Wang Xiong, Yang Zhijun, Ding Hongwei, Guan Zheng
School of Information Science and Engineering, Yunnan University, Kunming, China.
Educational Instruments and Facilities Service Center, Educational Department of Yunnan Province, Kunming, China.
Math Biosci Eng. 2023 Nov 30;20(12):21267-21291. doi: 10.3934/mbe.2023941.
As the demand for the internet of things (IoT) continues to grow, there is an increasing need for low-latency networks. Mobile edge computing (MEC) provides a solution to reduce latency by offloading computational tasks to edge servers. However, this study primarily focuses on the integration of back propagation (BP) neural networks into the realm of MEC, aiming to address intricate network challenges. Our innovation lies in the fusion of BP neural networks with MEC, particularly for optimizing task scheduling and processing. Firstly, we introduce a drone-assisted MEC model that categorizes computation offloading into synchronous and asynchronous modes based on task scheduling. Secondly, we employ Markov chains and probability-generation functions to accurately compute parameters such as average queue length, cycle time, throughput, and average delay in the synchronous mode. We also derive the first and second-order derivatives of the probability-generation function to support these computations. Finally, we establish a BP neural network to solve for the average queue length and latency in the asynchronous mode. Our results from the BP neural network closely align with the theoretical values obtained through the probability-generation function, demonstrating the effectiveness of our approach. Additionally, our proposed UAV-assisted MEC model outperforms the synchronous mode. Overall, our MEC scheduling approach significantly reduces latency, enhances speed, and improves throughput, with our model reducing latency by approximately 11.72$ % $ and queue length by around 9.45$ % $.

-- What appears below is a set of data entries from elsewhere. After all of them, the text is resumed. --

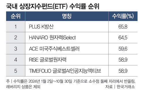염승환 LS증권 이사가 10월 28일 “K-방산은 한국 특산품”이라며 이같이 말했다. 염 이사의 설명처럼 최근 한국 증시가 부진의 늪에 빠진 와중에도 방산주와 바이오주는 약진하고 있다. 국내 주요 방산기업으로 구성된 ‘PLUS K방산’ 상장지수펀드(ETF)는 10월 30일 기준 연초 대비 65.8% 상승하며 전체 ETF 수익률 순위 1위를 차지했다(표 참조). 같은 기간 코스피가 2.3% 하락한 것과 대비된다. 바이오주 역시 같은 기간 알테오젠(284.8%), 펩트론(118.6%), 삼성바이오로직스(35.7%) 등을 필두로 상승세를 이어가고 있다. 이날 염 이사는 “너무나 답답한 시기지만 절대 포기하지 마라”며 “시장에 붙어 있어야 기회를 포착할 수 있다”고 말했다. 다음은 염 이사와 나눈 일문일답.
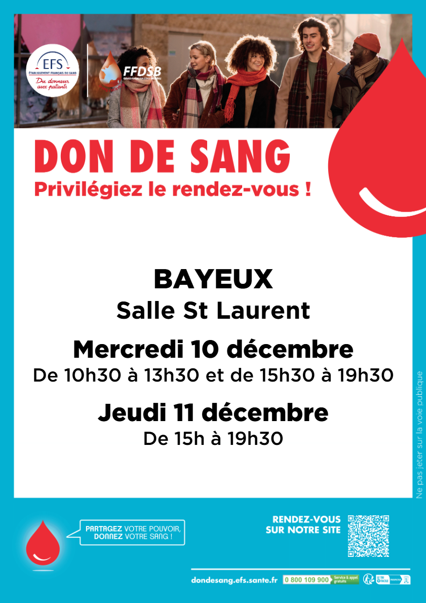 Retrouvez-nous Mercredi 10 Décembre de 10h30 à 13h30 et de 15h30 à 19h30 puis Jeudi 11 Décembre à la Salle Saint Laurent de BAYEUX - Organisez votre venue en vous rendant sur notre site F https://efs.link/whgcE
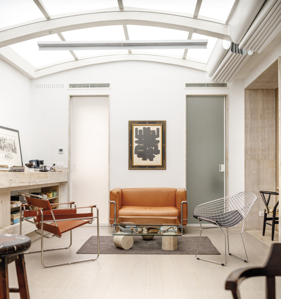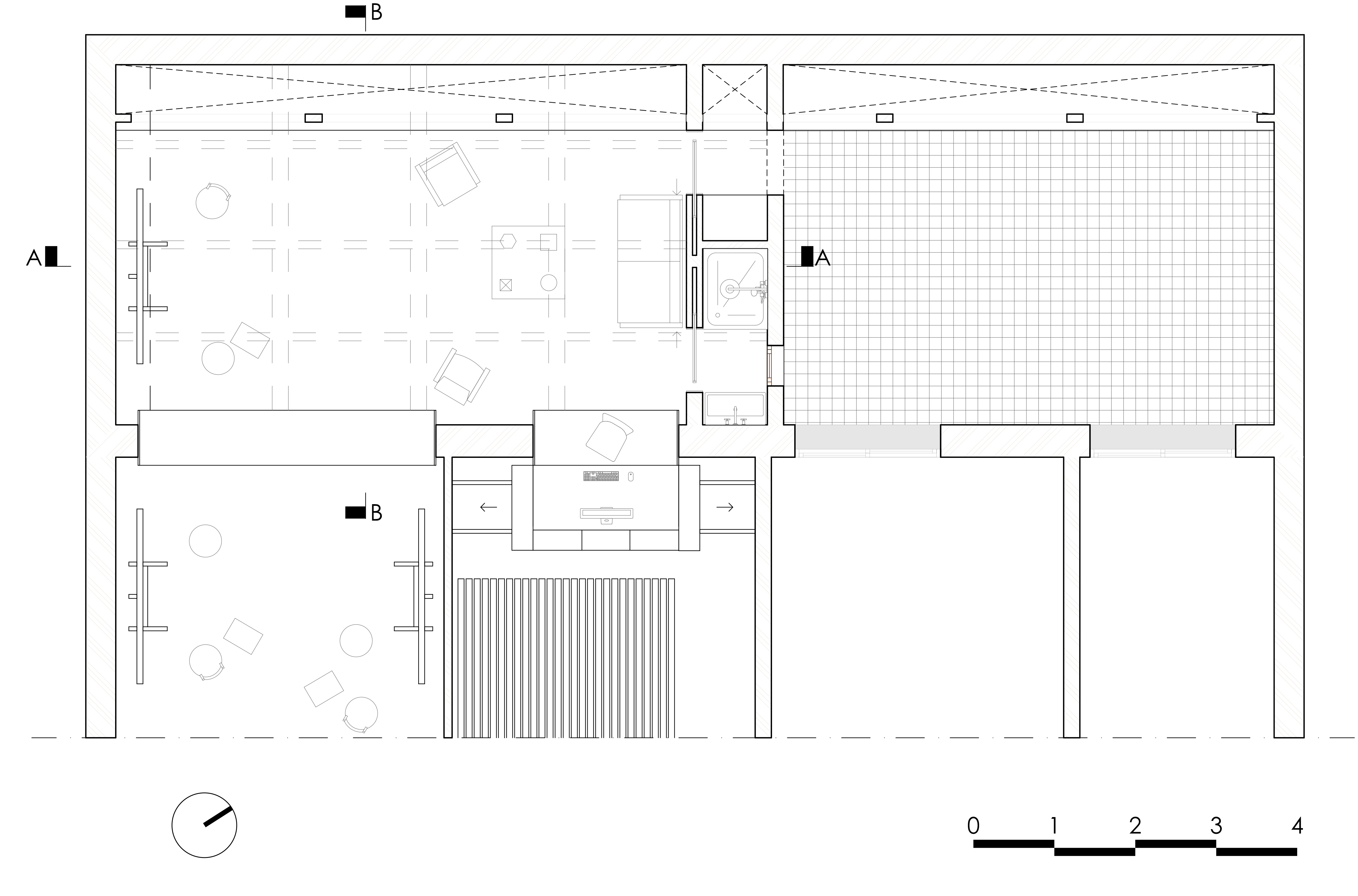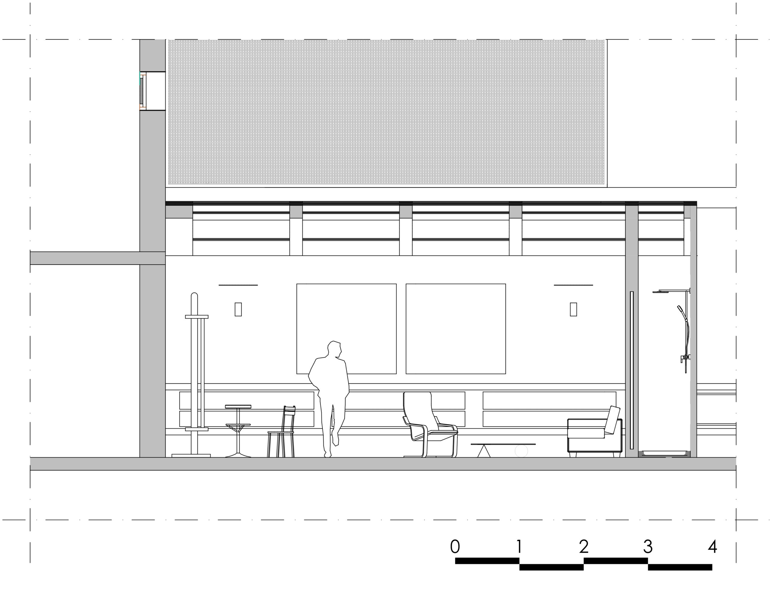 Le Rabi’s Artist Studio consistait dans un premier temps à la réhabilitation d’une terrasse technique esseulée. La proposition architecturale étant d’occulter celle-ci avec un plafond vitré de forme concave. La verrière a été assemblée par le biais d’une armature en métal thermolaqué afin d’en préserver l’intégrité. Cette dernière a été complétée par des panneaux en verre trempé à chaud dans le but d’en augmenter la résistance et la solidité. En termes de programmation, l’atelier comporte un espace de travail, un espace bureau, un salon, un espace de rangement et une salle de bain.
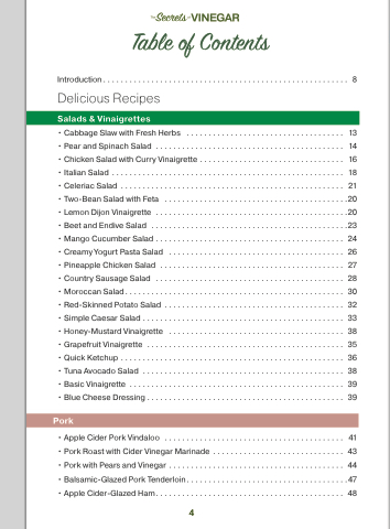 • Apple Cider Pork Vindaloo . . . . . . . . . . . .............................. 41 • Pork Roast with Cider Vinegar Marinade .............................. 43 • Pork with Pears and Vinegar . . . . . . . . . . .............................. 44 • Balsamic-Glazed Pork Tenderloin. . . . . . . . . . . . . . . . . . . . . . . . . . . . . . . . . . . . .47 • Apple Cider-Glazed Ham. . . . . . . . . . . . . .............................. 48
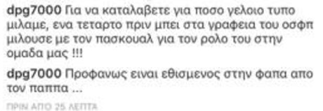Στην φωτογραφία που ανέβασε ο ισχυρός άνδρας της "πράσινης" ΚΑΕ έγραψε: «Τα παντελόνια είναι για τα φορούν άντρες... Εσύ Βαγγελάκη και ο ατζέντης σου ούτε σορτσάκι δεν θα έπρεπε να φοράτε... Φουστίτσες μόνο».
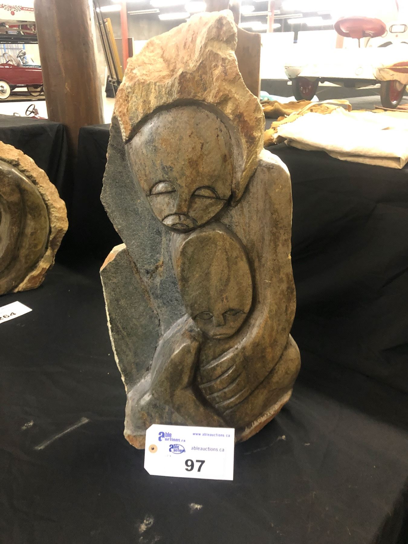 AFRICAN SHONA SOAP STONE STATUE, MOTHER HUGGING CHILD, SIGNED BY ARTIST, "LEONARD", 25.5" TALL
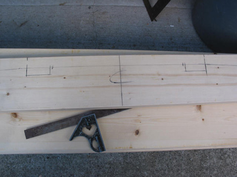 Rafter layout: Then I mark out the desired shape.
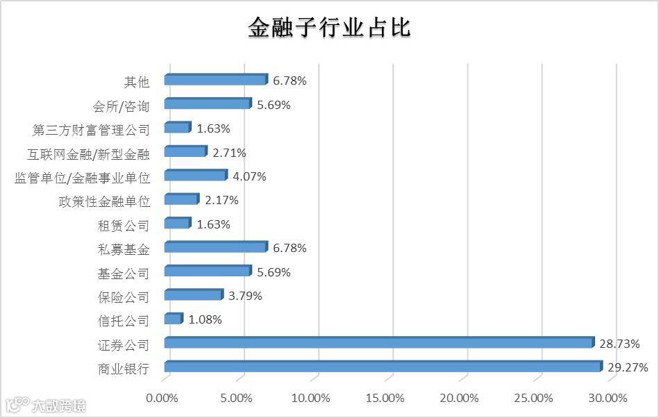 银行业因为偏好校招的原因,每年都是解决应届金融就业的大户,统计依然高居第一,不出意外。证券、信托、基金均是靠风险管理吃饭,存在行业系统风险因素,但一旺俱旺,赚钱相对较易,短期回报较高(风险亦大),相对银行等金融机构其个人投资管理、金融运营能力要求更高,对学历要求也相对较高,每年都有相对较大的用人需求,也吸引了众多金融业求职者。会所/咨询对于应届毕业生是很好的就业起跳平台,相对高强度工作对应的也是宝贵的工作经验,每年也会招募吸引大批求职者。总体来说,我们所设置的所有选项,基本都有学生选,证明应届学生的在金融业就业也逐渐趋向多元化。
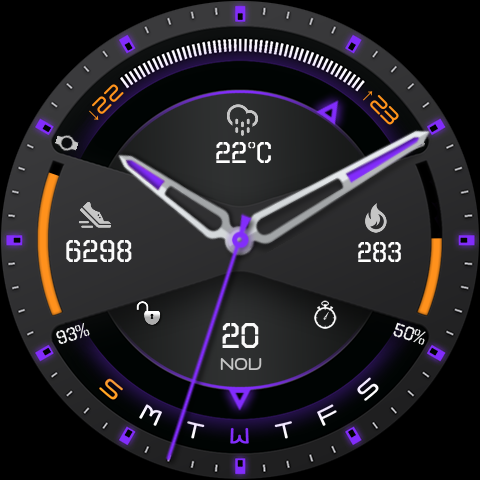 The watch face has 4 interactive tap targets on Watch face , which are fully customizable to be more informative which include number of data such as Weather, Steps, Battery level ,Date, etc..
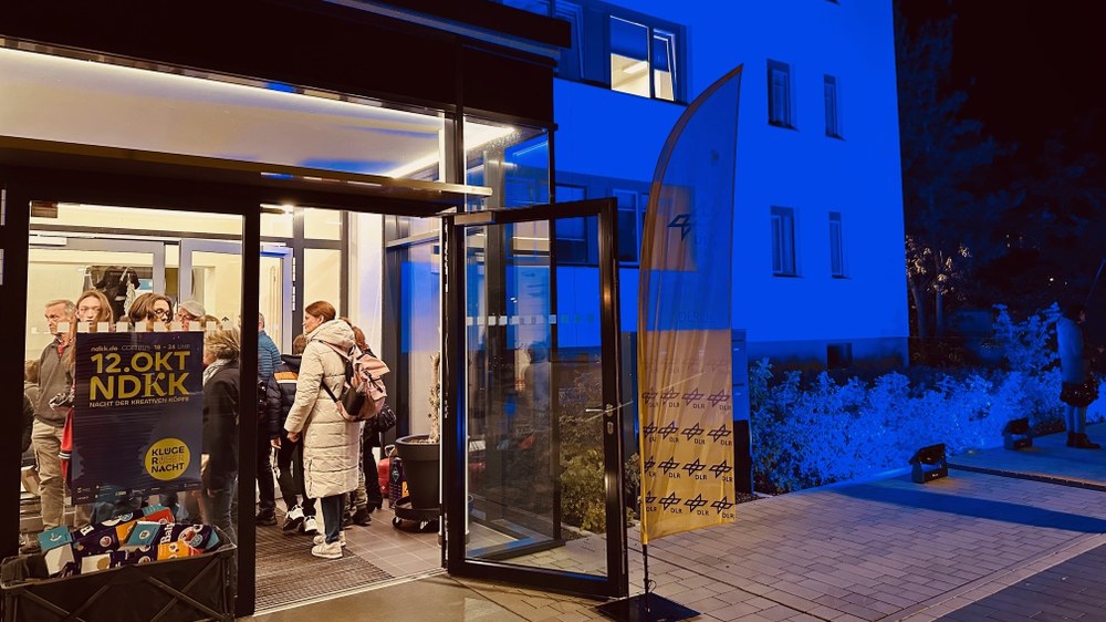 Zur Nacht der kreativen Köpfe in Cottbus öffnete am 12. Oktober 2024 das Deutsche Zentrum für Luft- und Raumfahrt (DLR) wieder seine Türen. Die Institute für Elektrifizierte Luftfahrtantriebe und CO2-arme Industrieprozesse sowie das DLR_School_Lab Berlin präsentierten spannende Experimente, Mitmachaktionen und Vorträge, um den zahlreichen Besuchenden Wissenschaft und Forschung hautnah erlebbar zu machen. Hierbei war für jede und jeden Wissenschaftsinteressierten etwas dabei - ob Antriebstechnologien von Flugzeugen der Zukunft, Experimente rund um das Thema Energieforschung und CO2-Minderung in der Industrie oder eine virtuelle Reise zur Internationalen Raumstation ISS.

随着物联网(IoT)需求的持续增长,对低延迟网络的需求也日益增加。移动边缘计算(MEC)通过将计算任务卸载到边缘服务器来提供降低延迟的解决方案。然而,本研究主要关注将反向传播(BP)神经网络集成到MEC领域,旨在解决复杂的网络挑战。我们的创新在于将BP神经网络与MEC融合,特别是用于优化任务调度和处理。首先,我们引入了一种无人机辅助的MEC模型,该模型根据任务调度将计算卸载分为同步和异步模式。其次,我们采用马尔可夫链和概率生成函数来精确计算同步模式下的平均队列长度、循环时间、吞吐量和平均延迟等参数。我们还推导了概率生成函数的一阶和二阶导数以支持这些计算。最后,我们建立了一个BP神经网络来求解异步模式下的平均队列长度和延迟。我们从BP神经网络得到的结果与通过概率生成函数获得的理论值紧密吻合,证明了我们方法的有效性。此外,我们提出的无人机辅助MEC模型优于同步模式。总体而言,我们的MEC调度方法显著降低了延迟,提高了速度并改善了吞吐量,我们的模型将延迟降低了约11.72%,队列长度降低了约9.45%。